[Source records]
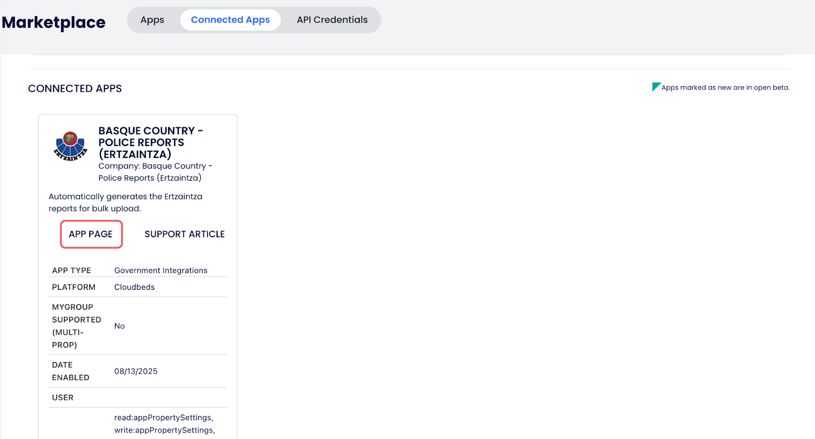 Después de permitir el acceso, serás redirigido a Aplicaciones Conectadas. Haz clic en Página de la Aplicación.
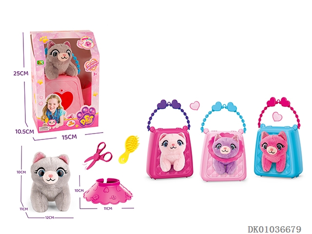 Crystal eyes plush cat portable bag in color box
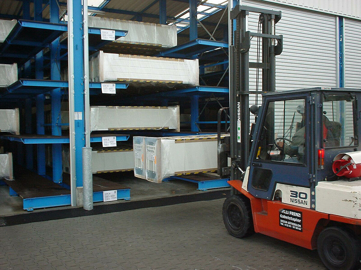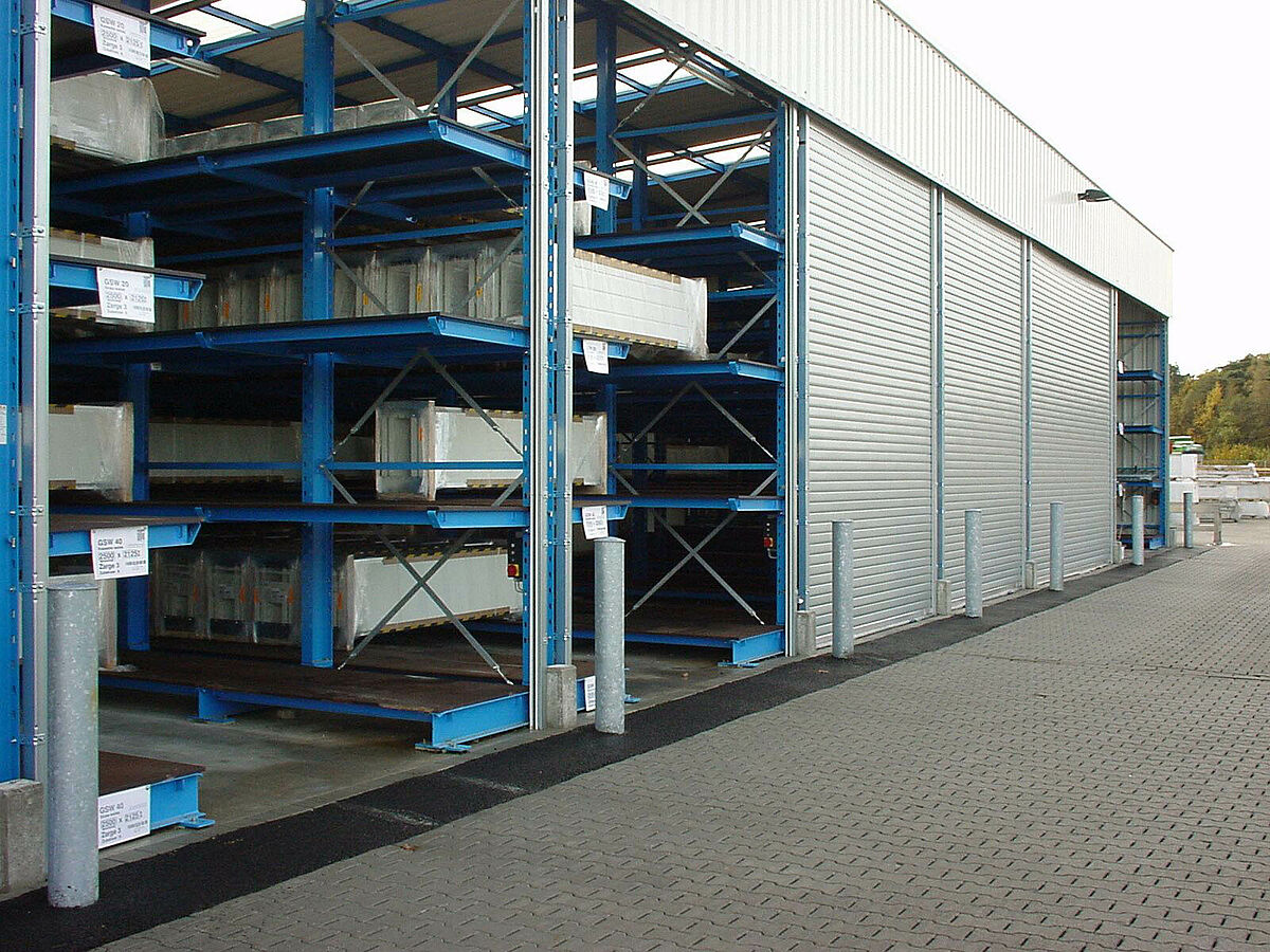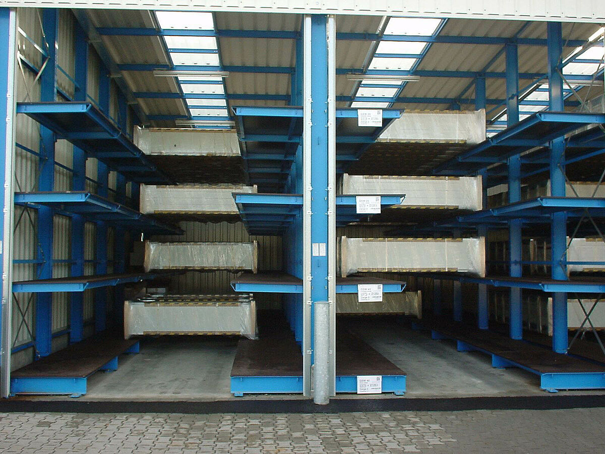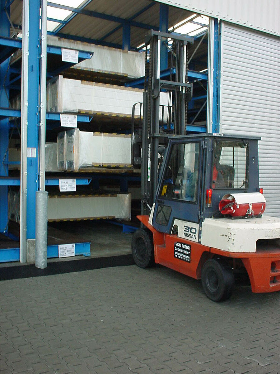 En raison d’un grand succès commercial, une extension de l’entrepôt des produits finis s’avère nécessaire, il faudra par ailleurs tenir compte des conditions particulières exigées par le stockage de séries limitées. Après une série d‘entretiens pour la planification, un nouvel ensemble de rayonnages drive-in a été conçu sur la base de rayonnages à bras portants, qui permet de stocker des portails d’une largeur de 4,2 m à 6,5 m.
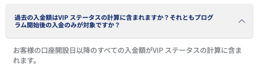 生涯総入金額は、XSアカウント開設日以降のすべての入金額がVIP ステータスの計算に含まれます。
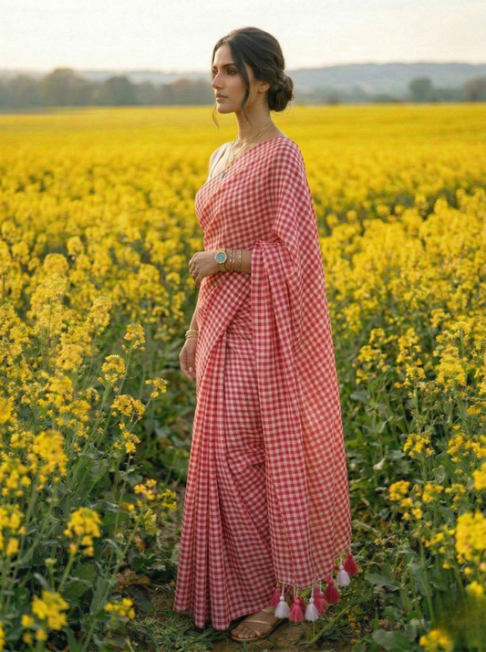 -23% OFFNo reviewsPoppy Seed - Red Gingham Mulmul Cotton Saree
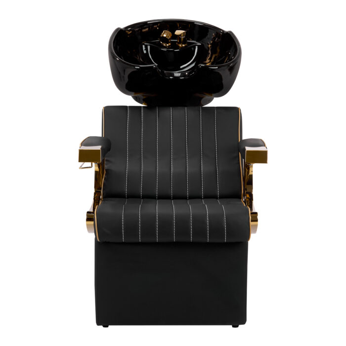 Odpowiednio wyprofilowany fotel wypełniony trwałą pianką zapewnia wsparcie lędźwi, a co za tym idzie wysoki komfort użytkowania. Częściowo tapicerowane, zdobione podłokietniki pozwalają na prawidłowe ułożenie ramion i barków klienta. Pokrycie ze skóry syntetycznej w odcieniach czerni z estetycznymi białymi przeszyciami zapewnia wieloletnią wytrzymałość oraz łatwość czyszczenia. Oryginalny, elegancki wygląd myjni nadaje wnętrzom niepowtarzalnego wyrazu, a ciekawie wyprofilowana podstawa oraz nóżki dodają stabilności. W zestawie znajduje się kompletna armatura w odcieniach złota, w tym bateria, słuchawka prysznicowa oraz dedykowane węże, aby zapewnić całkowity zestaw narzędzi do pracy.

▶ Exercise aim
Only the lines from the start of the records above through the line containing "-23% OFFNo reviewsPoppy" should be returned, exactly and with both ends, please; the pictures stay out.

▶ Task result
 Después de permitir el acceso, serás redirigido a Aplicaciones Conectadas. Haz clic en Página de la Aplicación.
 Crystal eyes plush cat portable bag in color box
 En raison d’un grand succès commercial, une extension de l’entrepôt des produits finis s’avère nécessaire, il faudra par ailleurs tenir compte des conditions particulières exigées par le stockage de séries limitées. Après une série d‘entretiens pour la planification, un nouvel ensemble de rayonnages drive-in a été conçu sur la base de rayonnages à bras portants, qui permet de stocker des portails d’une largeur de 4,2 m à 6,5 m.
 生涯総入金額は、XSアカウント開設日以降のすべての入金額がVIP ステータスの計算に含まれます。
 -23% OFFNo reviewsPoppy Seed - Red Gingham Mulmul Cotton Saree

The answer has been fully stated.